• DATA EXTRACT
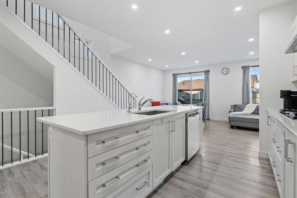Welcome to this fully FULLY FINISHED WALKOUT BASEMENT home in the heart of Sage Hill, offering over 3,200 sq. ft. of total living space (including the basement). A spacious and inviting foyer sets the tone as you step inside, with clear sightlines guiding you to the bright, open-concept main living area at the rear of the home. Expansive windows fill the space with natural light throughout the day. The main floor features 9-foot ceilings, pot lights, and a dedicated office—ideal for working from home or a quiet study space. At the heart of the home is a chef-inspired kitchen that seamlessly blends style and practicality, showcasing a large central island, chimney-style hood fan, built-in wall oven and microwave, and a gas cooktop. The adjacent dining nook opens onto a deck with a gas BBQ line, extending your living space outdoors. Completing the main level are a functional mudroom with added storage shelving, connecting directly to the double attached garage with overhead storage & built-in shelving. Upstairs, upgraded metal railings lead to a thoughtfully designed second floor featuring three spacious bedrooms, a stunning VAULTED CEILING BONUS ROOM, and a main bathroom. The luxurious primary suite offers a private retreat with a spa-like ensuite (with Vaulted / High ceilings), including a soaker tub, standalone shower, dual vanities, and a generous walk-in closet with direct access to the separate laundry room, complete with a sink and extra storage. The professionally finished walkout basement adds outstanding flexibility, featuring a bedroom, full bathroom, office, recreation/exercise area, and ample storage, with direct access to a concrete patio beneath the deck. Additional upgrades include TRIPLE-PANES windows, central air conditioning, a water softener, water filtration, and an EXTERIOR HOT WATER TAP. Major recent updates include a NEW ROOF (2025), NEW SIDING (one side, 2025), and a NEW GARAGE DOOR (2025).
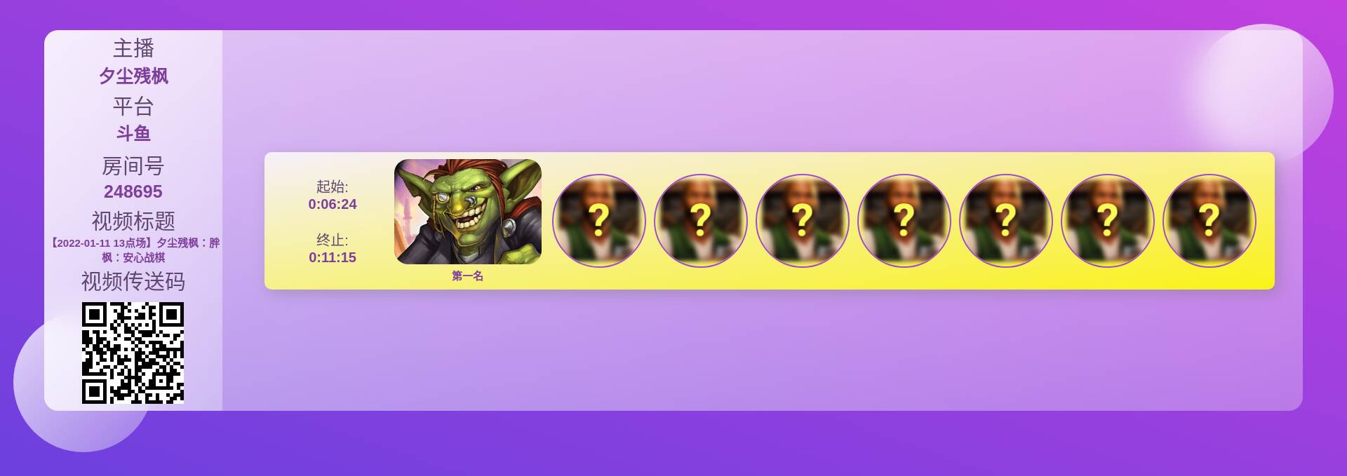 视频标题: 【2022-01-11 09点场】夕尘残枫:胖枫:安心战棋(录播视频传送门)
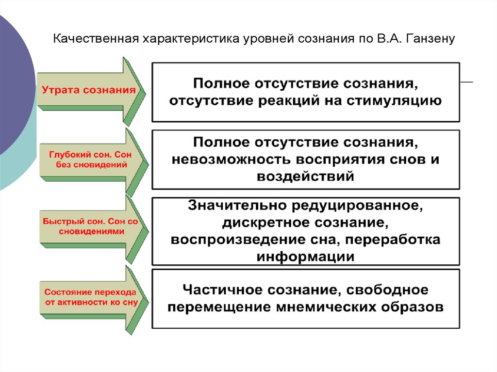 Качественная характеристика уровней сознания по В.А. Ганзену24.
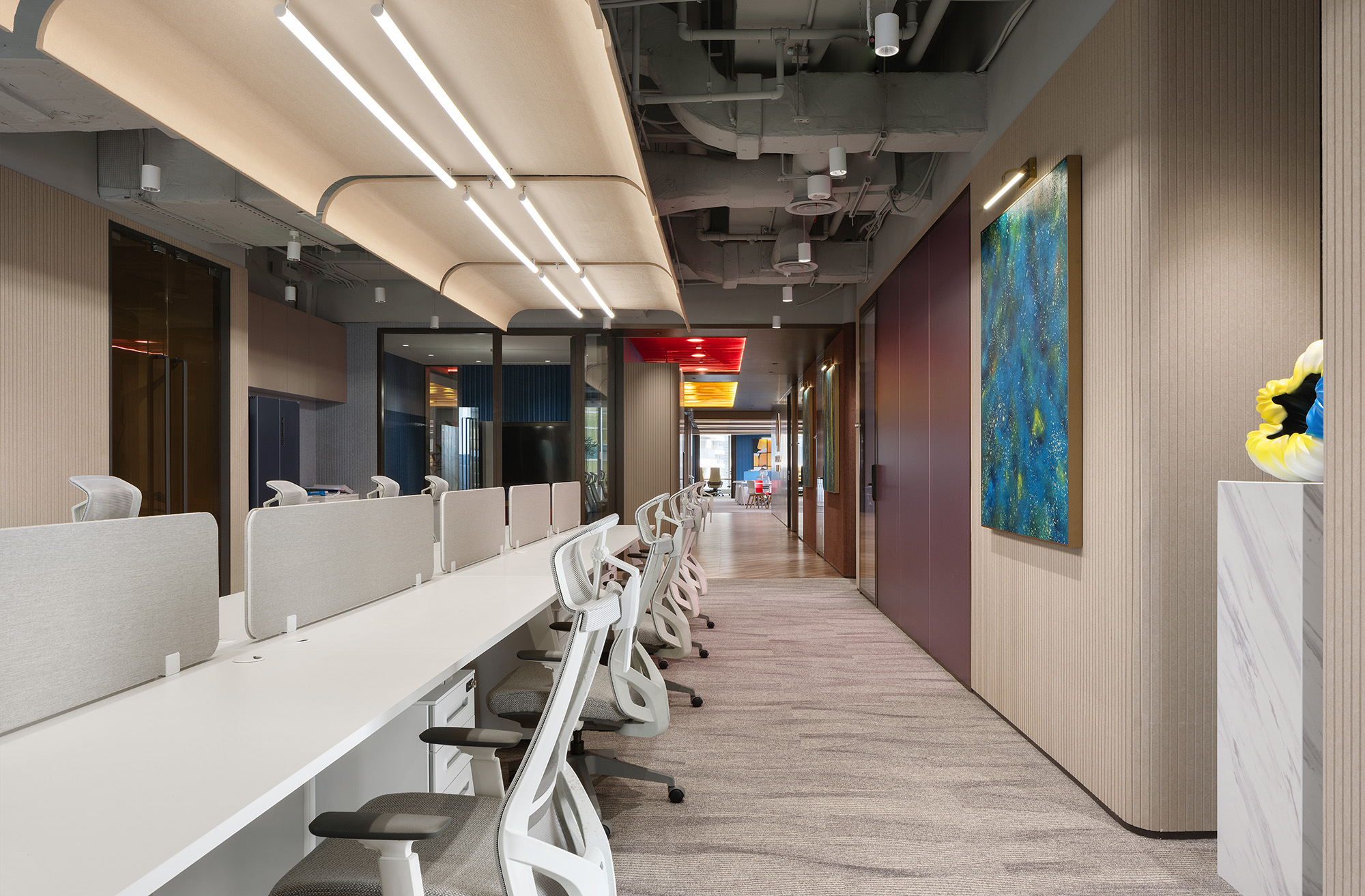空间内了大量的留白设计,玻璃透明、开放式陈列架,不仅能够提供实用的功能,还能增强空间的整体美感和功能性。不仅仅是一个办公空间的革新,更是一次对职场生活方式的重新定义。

• ACTIVITY
Every line above must appear in the answer unchanged, and no picture may appear in it.

• OUTPUT OF THE TASK
Welcome to this fully FULLY FINISHED WALKOUT BASEMENT home in the heart of Sage Hill, offering over 3,200 sq. ft. of total living space (including the basement). A spacious and inviting foyer sets the tone as you step inside, with clear sightlines guiding you to the bright, open-concept main living area at the rear of the home. Expansive windows fill the space with natural light throughout the day. The main floor features 9-foot ceilings, pot lights, and a dedicated office—ideal for working from home or a quiet study space. At the heart of the home is a chef-inspired kitchen that seamlessly blends style and practicality, showcasing a large central island, chimney-style hood fan, built-in wall oven and microwave, and a gas cooktop. The adjacent dining nook opens onto a deck with a gas BBQ line, extending your living space outdoors. Completing the main level are a functional mudroom with added storage shelving, connecting directly to the double attached garage with overhead storage & built-in shelving. Upstairs, upgraded metal railings lead to a thoughtfully designed second floor featuring three spacious bedrooms, a stunning VAULTED CEILING BONUS ROOM, and a main bathroom. The luxurious primary suite offers a private retreat with a spa-like ensuite (with Vaulted / High ceilings), including a soaker tub, standalone shower, dual vanities, and a generous walk-in closet with direct access to the separate laundry room, complete with a sink and extra storage. The professionally finished walkout basement adds outstanding flexibility, featuring a bedroom, full bathroom, office, recreation/exercise area, and ample storage, with direct access to a concrete patio beneath the deck. Additional upgrades include TRIPLE-PANES windows, central air conditioning, a water softener, water filtration, and an EXTERIOR HOT WATER TAP. Major recent updates include a NEW ROOF (2025), NEW SIDING (one side, 2025), and a NEW GARAGE DOOR (2025).
 视频标题: 【2022-01-11 09点场】夕尘残枫:胖枫:安心战棋(录播视频传送门)
 Качественная характеристика уровней сознания по В.А. Ганзену24.
空间内了大量的留白设计,玻璃透明、开放式陈列架,不仅能够提供实用的功能,还能增强空间的整体美感和功能性。不仅仅是一个办公空间的革新,更是一次对职场生活方式的重新定义。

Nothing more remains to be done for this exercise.